Dixon brings a long history of conservation to the job, retiring as executive director of Friends of the Mountains-to-Sea Trail and heading Triangle Land Conservancy before that.

So she knows a good plant from a bad one.

But since 2015, Raleigh has drawn nearly 5,000 volunteers into its invasive species program, adding more than 13,000 hours of work.

The city doesn’t want people going out into parks and cutting plants willy-nilly. An organized workday is scheduled on the Windemere Beaver Dam trail in November, and the city asks would-be ivy-cutters to watch for events across Raleigh on its webpage to get their start.

The NC Invasive Plant Society lists more than 60 non-native trees, shrubs and vines in North Carolina’s Piedmont region, including kudzu and mile-a-minute vine.

The damage invasive plants do

The group estimates more than $34 billion gets spent nationwide each year fighting invasives, which can choke out native plants, destroy wildlife habitat and, in the cast of English ivy, create breeding ground for mosquitoes.

Off Wade Avenue, the greenway runs along Banbury Road, stretching only 20 or 30 feet across in most places, making it easier to clear. Still, Dixon heads out with her loppers for about 15 hours a week.

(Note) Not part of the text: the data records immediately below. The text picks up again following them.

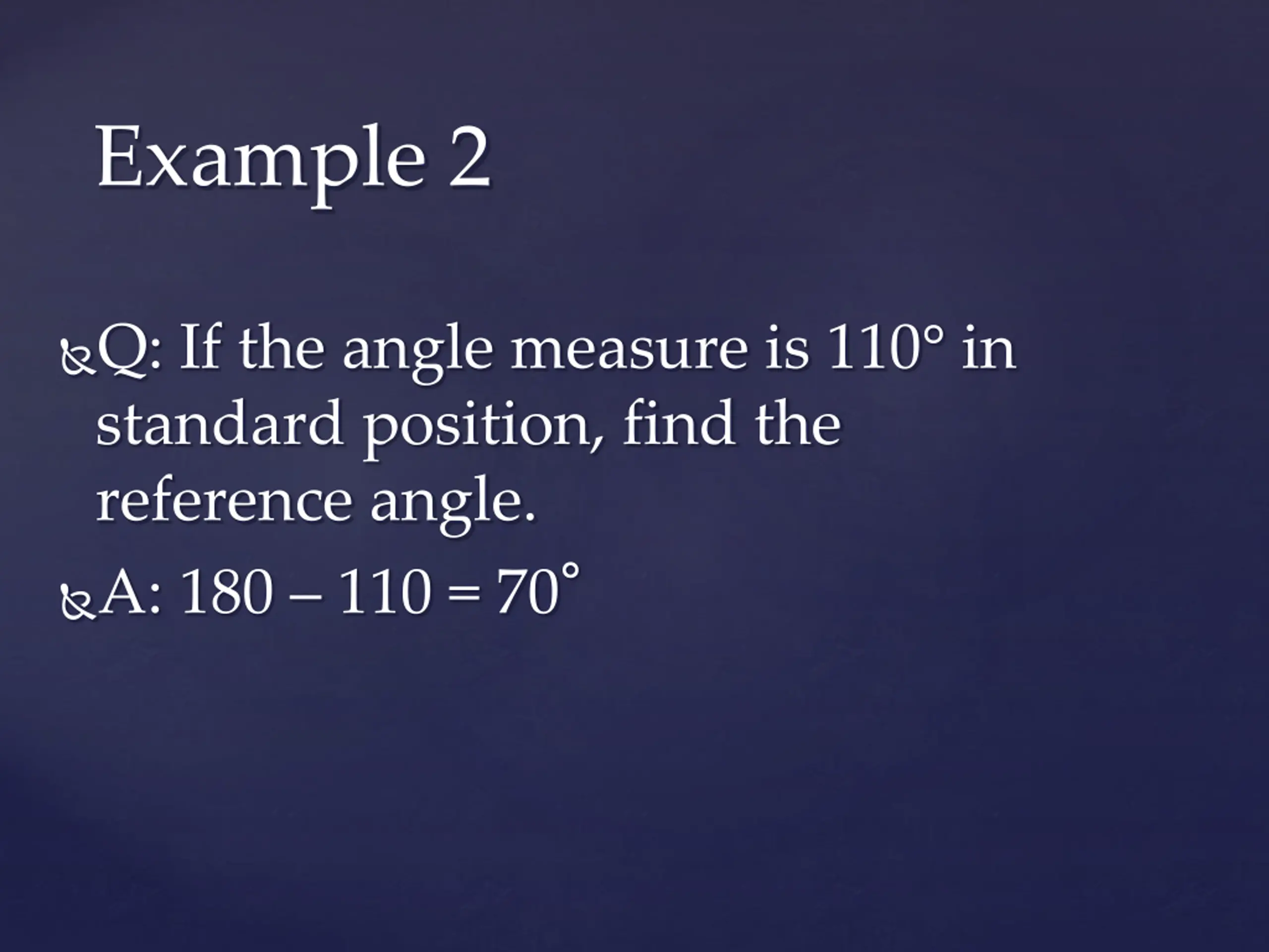 Example 2 Q: If the angle measure is 110 in standard position, find the reference angle. A: 180 110 = 70
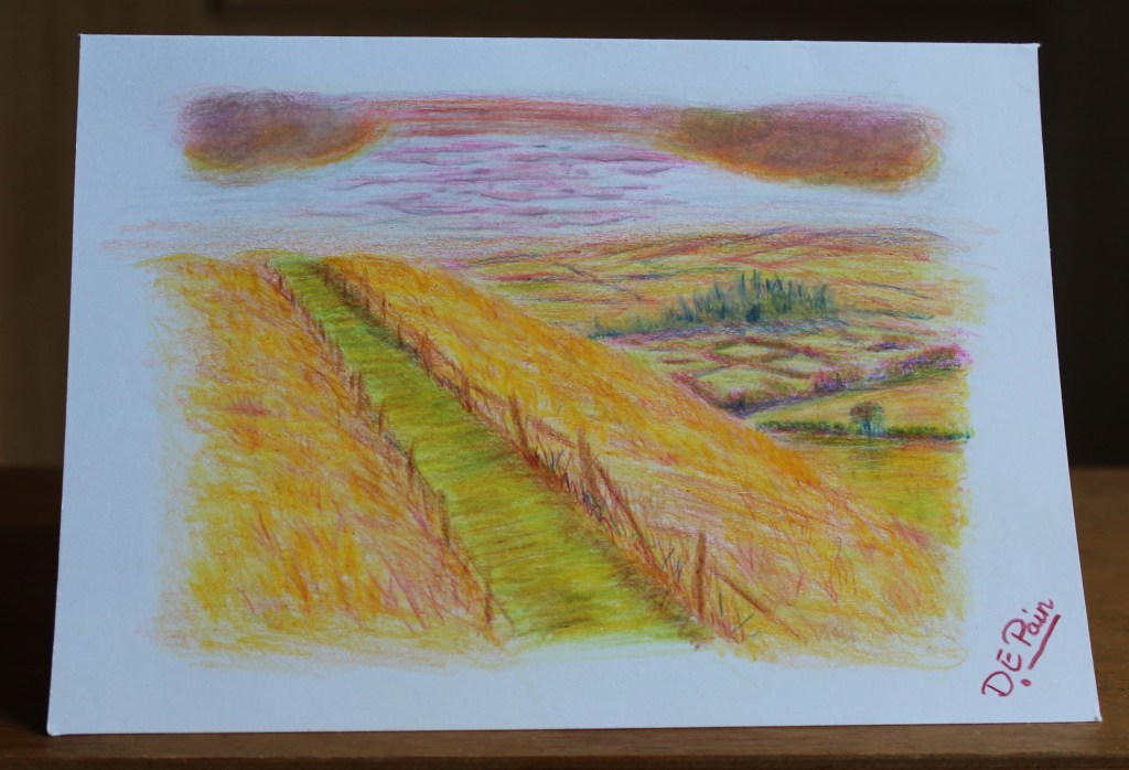 This is an original signed card, with no prints made so is totally unique. I have used oil based coloured pencils and have sprayed the card with fixative. It is blank inside for your own message and comes with an envelope. This card is based on a children’s book I illustrated for the author, Lazarus Carpenter, called ‘Pablo the Provider of Pixie Picnic Parcels Packed with Poached Parsnip Pie Products’.
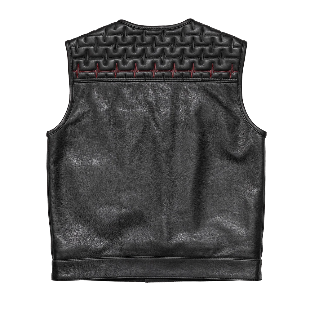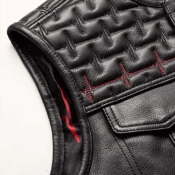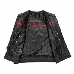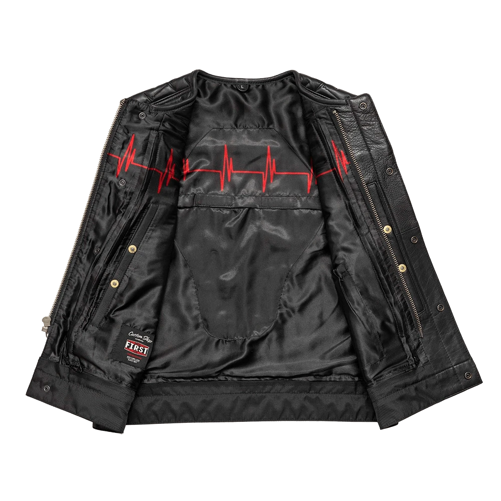 The EKG Men’s Leather Motorcycle Vest (Limited Edition) club style vest. This vest features a rolled collar, covered snaps, cropped center zipper, with a single red EKG stitch across the chest with a custom liner to match.
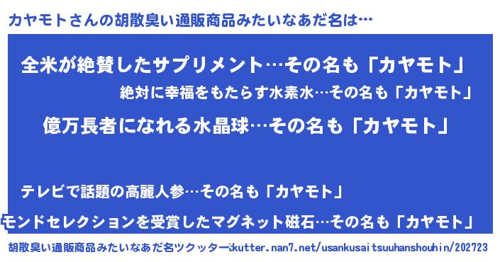 | ピコ太郎風あだ名 | 『カコ二郎』『カヤ三郎』『カカ太郎』 |
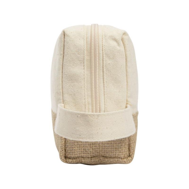Вместительная косметичка классической формы, визуально разделенная на две части в оттенках небеленой ткани. Нижняя часть косметички выполнена из джута, верхняя – из хлопка. Материал подкладки – полиэстер. Минимальное использование синтетических тканей, экологичный продукт. За счет эргономичной формы, вместительности и ручки идеальна для путешествий.
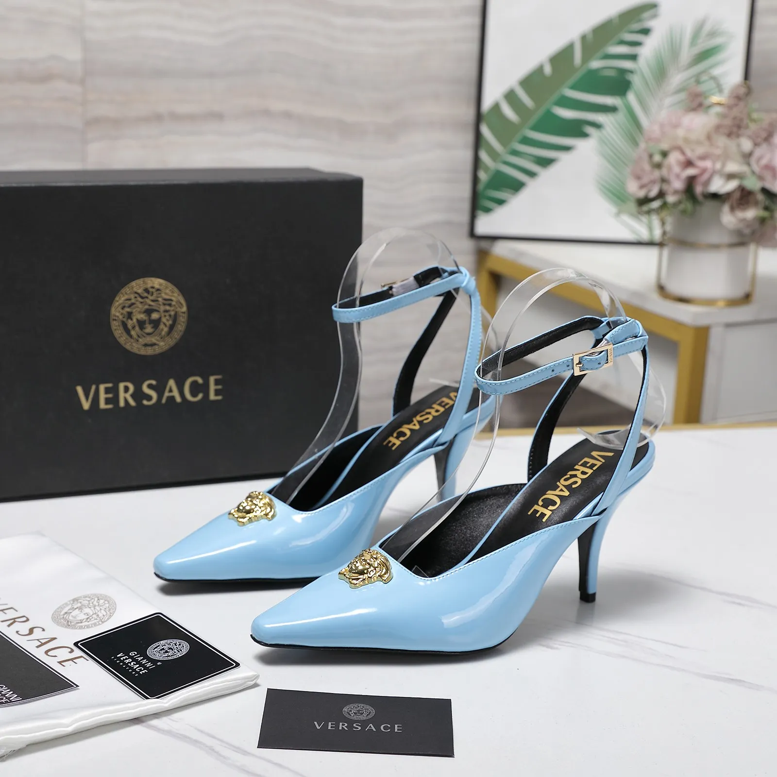 The brand Versace new arrivals outlet, Gender WomenSize US 5=EUR(35), US 5.5=EUR(36), US 6=EUR(37), US 7=EUR(38), US 8=EUR(39), US 8.5=EUR(40)Heels 8.5 CM get discount price with best quality!
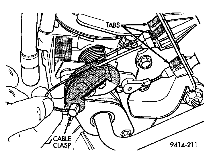 5. From the engine compartment, rotate the throttle lever forward to the wide open position and install cable clasp.
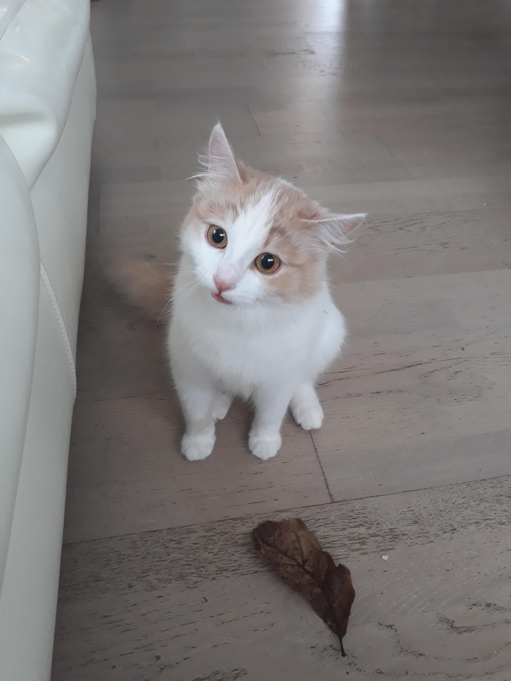 «Кошеня приносить мені листя, які знаходить в саду. Сьогодні у нього великий улов»
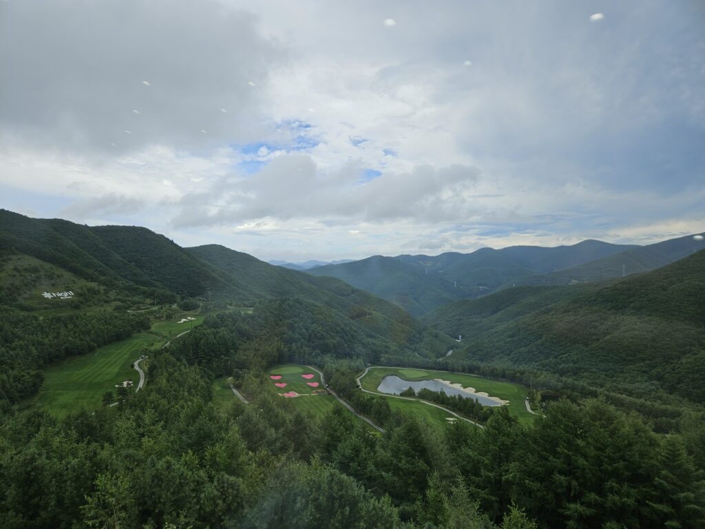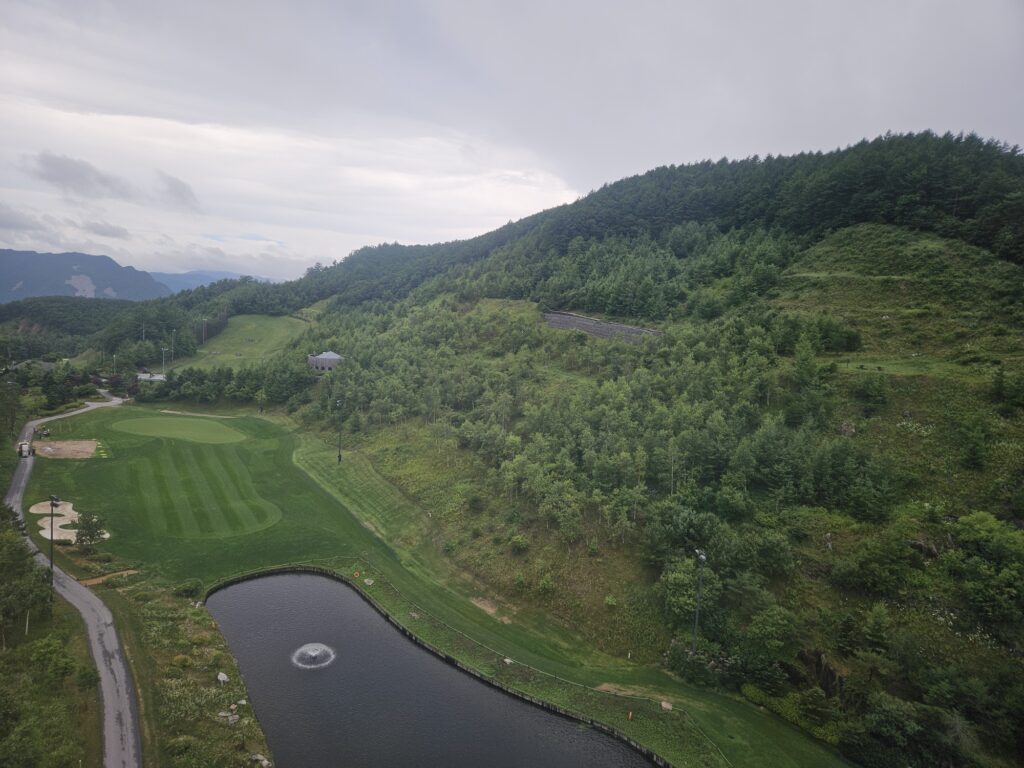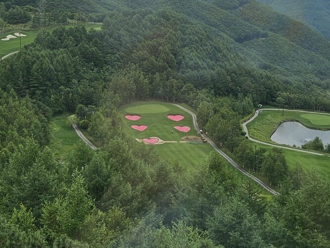 이건 창 밖에 보이는 광경이었는데, 골프 필드 일부분이 핑크색 하트 모양으로 되어 있었다. 핑크색이 엄청 튀었고, 하트 모양이 귀여웠음.
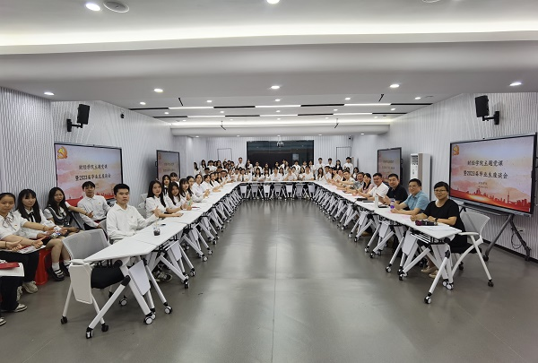 2023届毕业生即将扬帆启航之时,为更好地学习贯彻习近平新时代中国特色社会主义思想,增强毕业生党员的责任感和使命感;更好地倾听毕业生心声,充分了解毕业生学习、生活、就业情况,不断强化学院就业育人、管理育人、服务育人的针对性与实效性,6月19日下午,财经学院在广州校区教1-204开展了主题党课暨2023届毕业生座谈会。学院班子成员、办公室主任、专业负责人、辅导员、教务员、全体毕业生党员、优秀毕业生代表、校友联络员、21级22级学生代表出席此次活动,活动由林密蒲老师主持。

“Kate doesn’t just say ‘That would be nice,’ “ said Amy Mackintosh, a neighbor and leader with the NC Native Plant Society. “Kate goes out and works 15 hours a week. I don’t think most volunteers are as avid. But it’s galvanized others of us to do more than we would have done.”

In the woods Dixon has worked, the creek is now far more visible for walkers, and plants like jack-in-the-pulpit have started to show themselves. She pointed to an oak recovering from an ivy infestation, its branches still slightly squashed.

“The reason it looks so deformed is it was held down by ivy,” she said. “That’s a year’s worth of improvement.”

The city is hiring an invasive species coordinator soon, and Dixon hopes that a coordinated attack can start on greenways across Raleigh.

A few dozen more set of loppers can let in a lot more light.